If in years past Presque Isle and the surrounding communities have seemed distanced from UMPI and its facilities, Zillman made clear that the new building bonded the two parties. Hosting such events as the Special Olympics and the opening ceremonies of the 2006 Junior/Youth World Biathlon Championships, the facility can claim international ties, but the smaller events like the recent Halloween haunted house and intramural leagues along with state-of-the-art facilities have brought it in focus with Aroostook County residents.
Officials, in the beginning, hoped to bring in 1,000 members, and according to associate director Dick Gardiner, the facility way exceeded expectations and is over 1,400 strong, which doesn’t include student, faculty and staff members.
“We have a lot of families come in because they can spend a couple hours here pretty easily,” Gardiner said. “Dad will work out and Mom will take the kids swimming and then Dad will bring the kids in the gym and Mom will go walking or work out.
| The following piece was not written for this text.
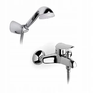 Jednouchwytowa bateria natryskowa ścienna z wężem i słuchawką chromowaną FUN bez regulacji Montaż dwuotworowy, przyłącze mimośrodowe, ceramiczna głowica z możliwością ograniczenia maksymalnej temperatury i wypływu wody, perlator, słuchawka natryskowa z wężem o długości 170 cm i uchwytem ściennym chrom

Having everything under one roof where they can all do things together is the biggest bonus.”
Gardiner says that members come from all over the central Aroostook area and that the other big draw is that the facility can host a large event in one section while keeping the rest of the facility open to members, which was important because of the initial support that came from the community.
Wednesday’s event marked the public unveiling of the artwork commemorating all 350 donors, who made the building possible. Covering a wall in the building’s entryway is a tree featuring golden leaves with the names of every contributor. In the middle sits a plaque dedicating the building to Gentile and on a branch sits the schools’ mascot, an owl.
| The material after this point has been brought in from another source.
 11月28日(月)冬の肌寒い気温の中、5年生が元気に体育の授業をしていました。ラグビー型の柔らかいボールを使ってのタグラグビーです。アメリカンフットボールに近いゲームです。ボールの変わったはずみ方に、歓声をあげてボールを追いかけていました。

“There once was a time when you could say, if you were a public university, that the state will just come through will all the money that you need and it will get done … Now it’s a much more difficult, much more challenging, much more collaborative project,” Zillman said. “Former presidents and their staff and members of the faculty, staff and community all came together for this project.”
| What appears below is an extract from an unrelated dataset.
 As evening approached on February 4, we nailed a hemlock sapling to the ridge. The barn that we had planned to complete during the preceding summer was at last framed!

Zillman and Gardiner both credit the joining of the campus and community with making the facility what it has become in the year since its completion. The building has become central to fitness in the area as well as a draw for more students and world-class athletes, both attributes that Gentile, herself focused on as a faculty member.
Gentile built UMPI’s physical education program from the ground up and helped get physical education into local schools.
“We proved that there was a need,” she said in a recent interview. “I inherited the job of having to attend to the physical education facilities of where there was only a 40×40 gymnasium in the basement of Preble Hall … It was like a cracker box.”
Gentile saw to fruition the completion of Wieden Hall at the university, which houses the gymnasium and auditorium facilities and now has helped bring newer and better exercise facilities to the campus and the community.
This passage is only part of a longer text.